EXERCISE PROMPT: Copy the lines below as they are; omit the images they contain.

SOURCE MATERIAL:
· · ·

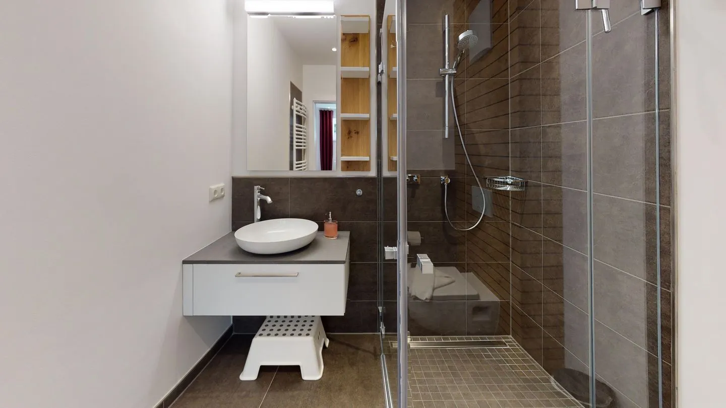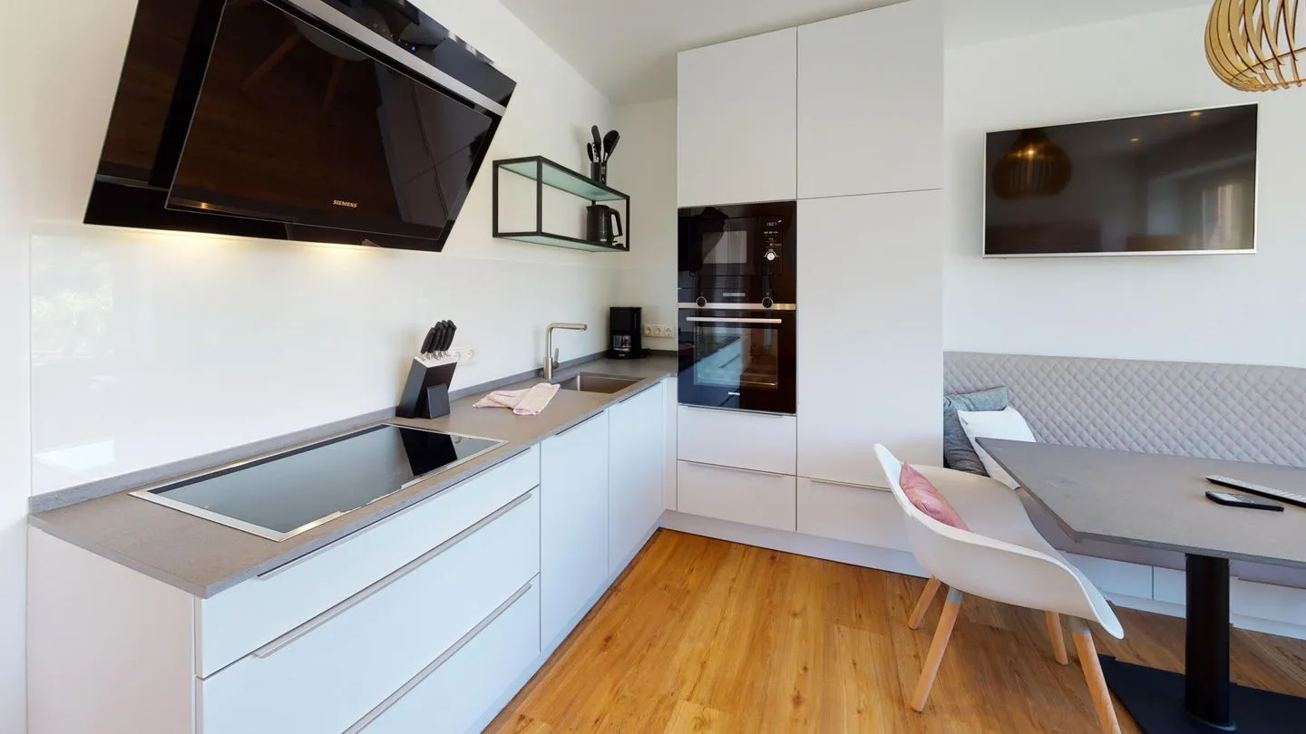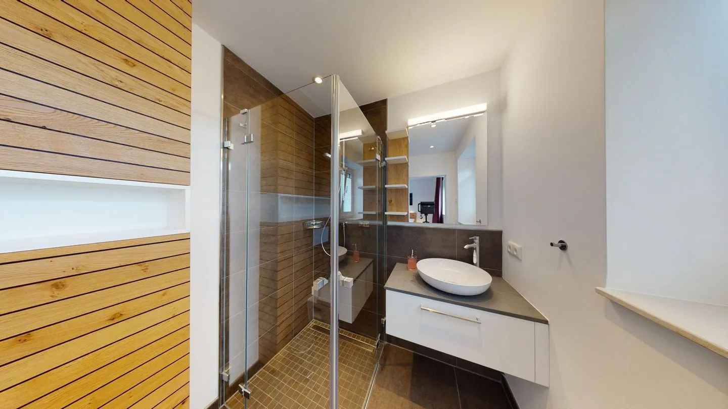 Die Wohnung verfügt über einen einladenden offenen Wohnbereich mit Terrassenzugang, Kaminofen und Essbereich. Die voll ausgestattete Einbauküche ist in den Wohnbereich integriert. Es gibt zwei Schlafzimmer, die direkten Zugang zu jeweils einem modernen Badezimmer mit großer Dusche bieten. Ein zusätzliches Gäste-WC sowie ein Abstellraum ergänzen die Annehmlichkeiten.
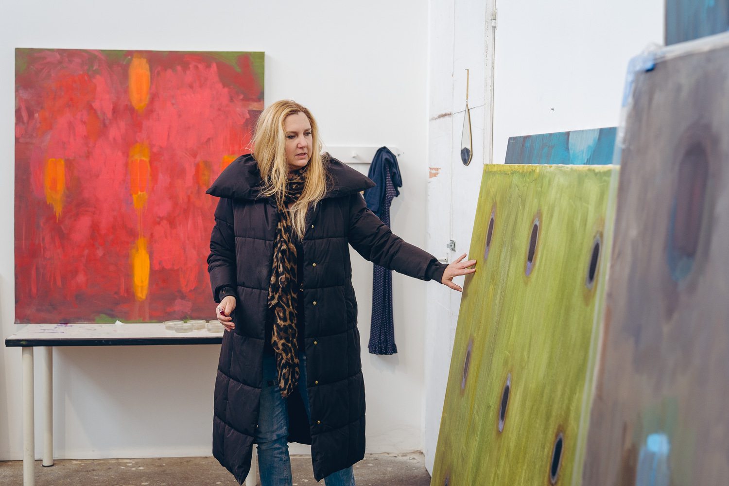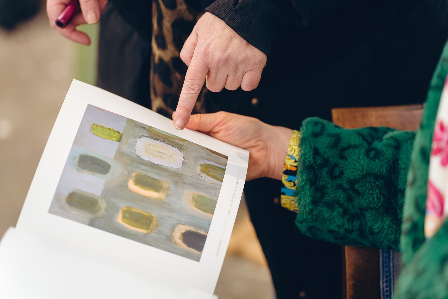 Első pillantásra meglepő lehet, hogy a művész 2022 óta látszólag ugyanazt a kompozíciót festi. Könnyű volna azt gondolni, hogy ez a praxis önmagába záródik, és folyton önmagát játssza újra. Juhász Dóra műtermében körbetekintve azonban hamar világossá válik, hogy a variációk kimeríthetetlenek. Festészete nem a miről, hanem a hogyanról szól: a festés folyamatáról, a döntések finomságáról, a színek, ecsetnyomok és terek viszonyáról.
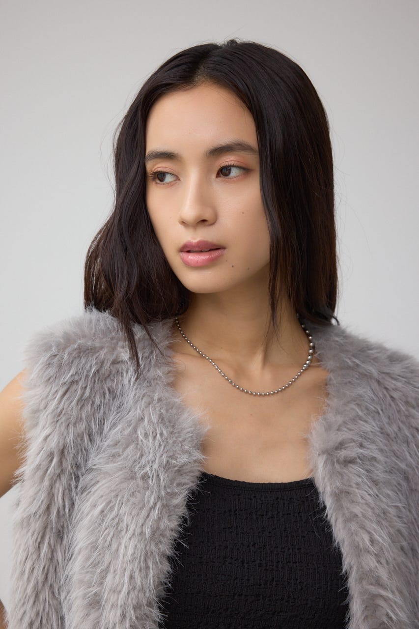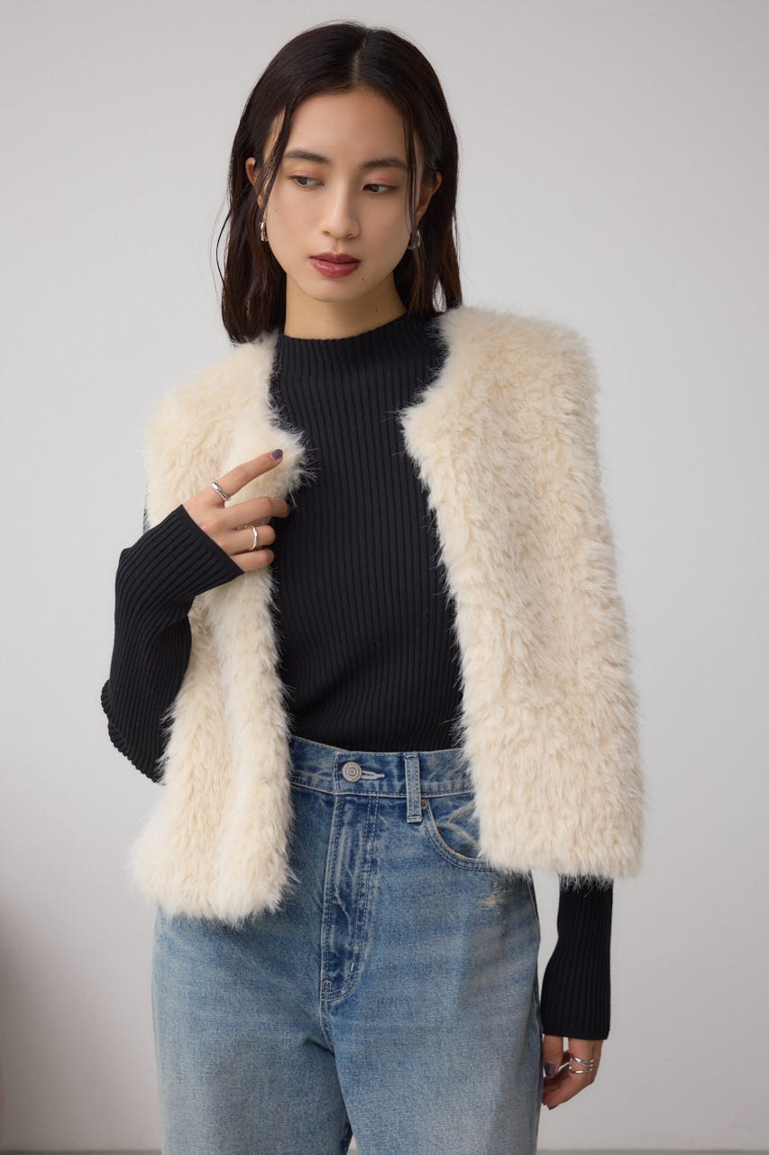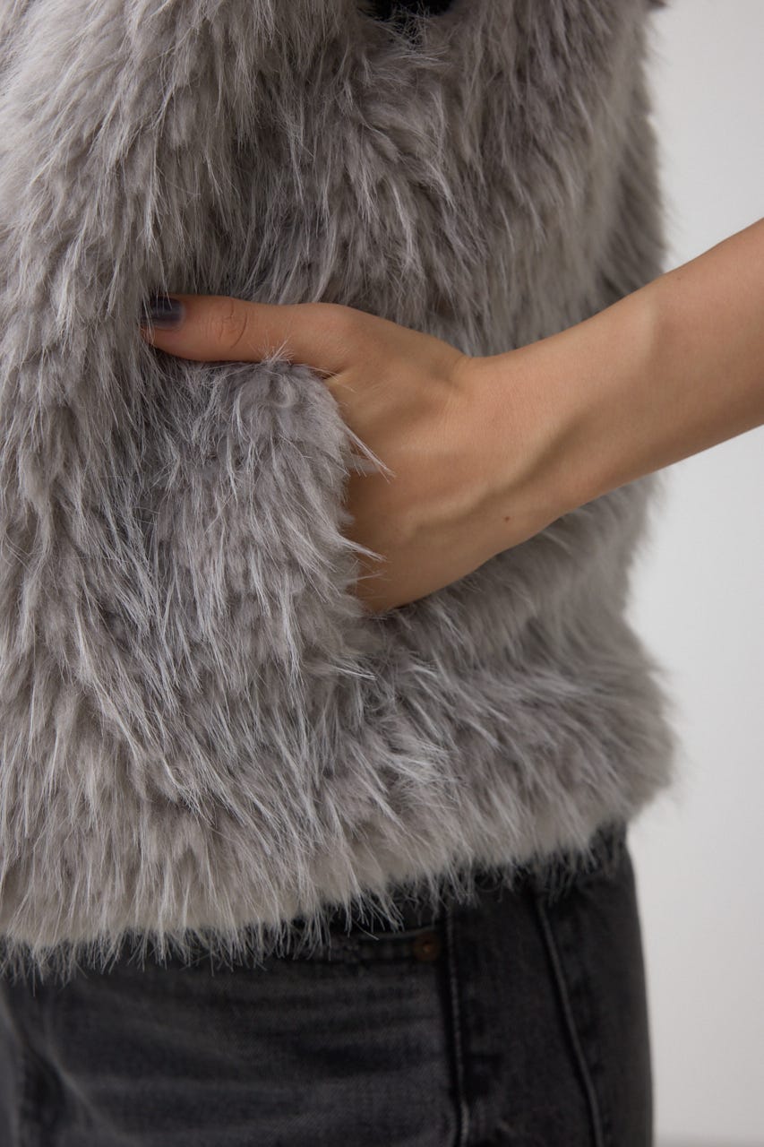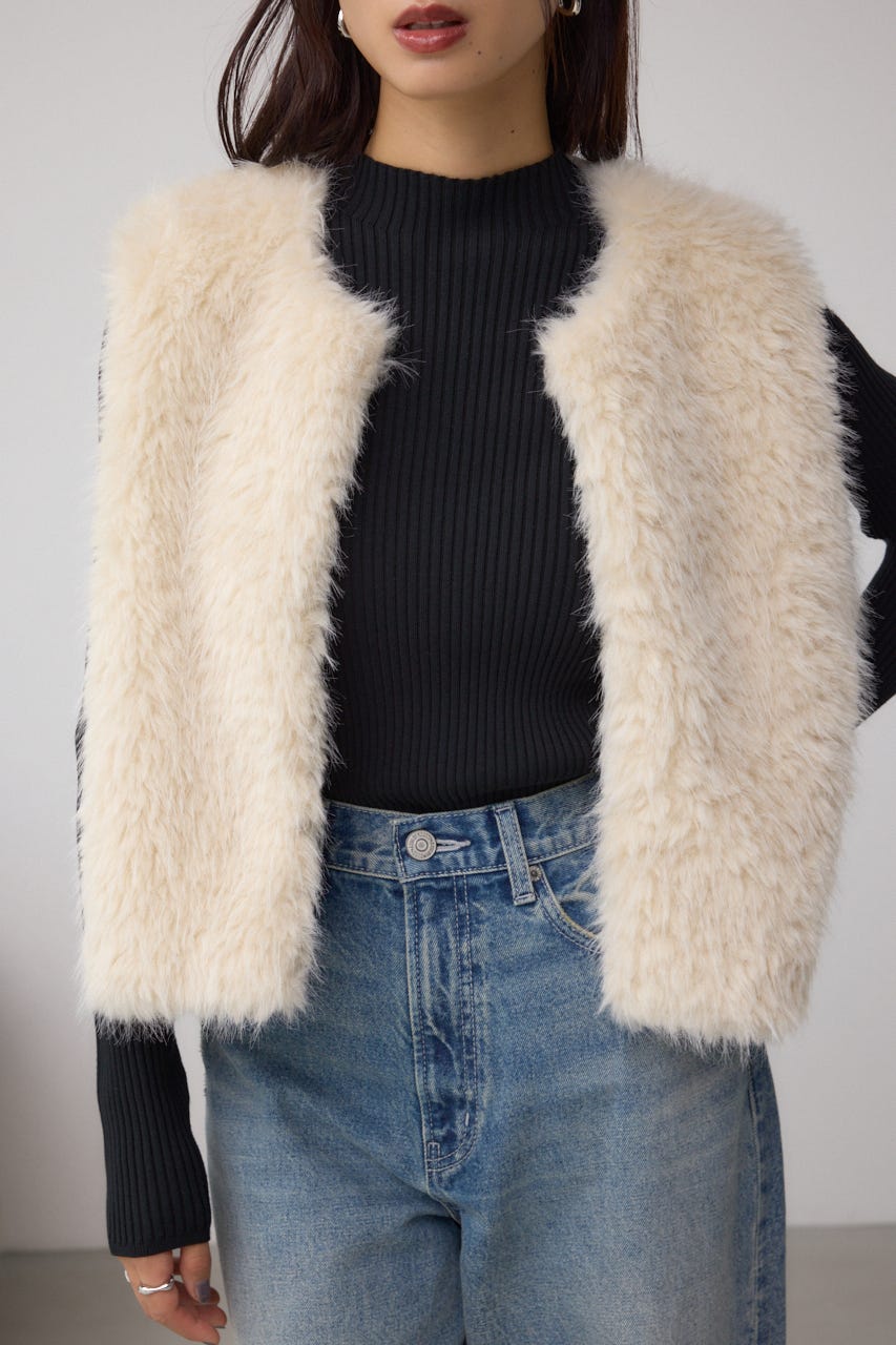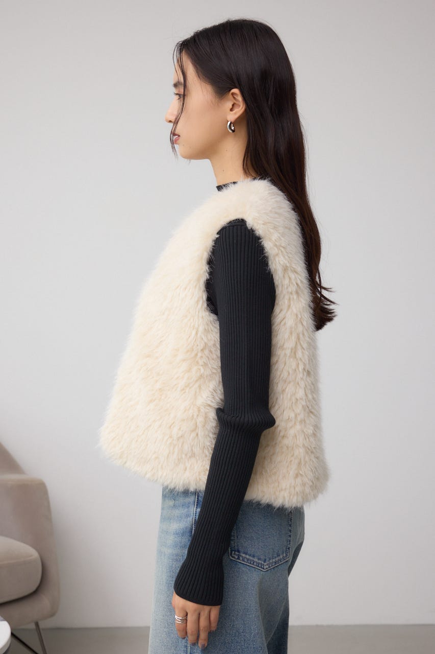 違う表情のファーがミックスされた素材を使用したファーベスト。

· · ·

ANSWER SPACE:
 Die Wohnung verfügt über einen einladenden offenen Wohnbereich mit Terrassenzugang, Kaminofen und Essbereich. Die voll ausgestattete Einbauküche ist in den Wohnbereich integriert. Es gibt zwei Schlafzimmer, die direkten Zugang zu jeweils einem modernen Badezimmer mit großer Dusche bieten. Ein zusätzliches Gäste-WC sowie ein Abstellraum ergänzen die Annehmlichkeiten.
 Első pillantásra meglepő lehet, hogy a művész 2022 óta látszólag ugyanazt a kompozíciót festi. Könnyű volna azt gondolni, hogy ez a praxis önmagába záródik, és folyton önmagát játssza újra. Juhász Dóra műtermében körbetekintve azonban hamar világossá válik, hogy a variációk kimeríthetetlenek. Festészete nem a miről, hanem a hogyanról szól: a festés folyamatáról, a döntések finomságáról, a színek, ecsetnyomok és terek viszonyáról.
 違う表情のファーがミックスされた素材を使用したファーベスト。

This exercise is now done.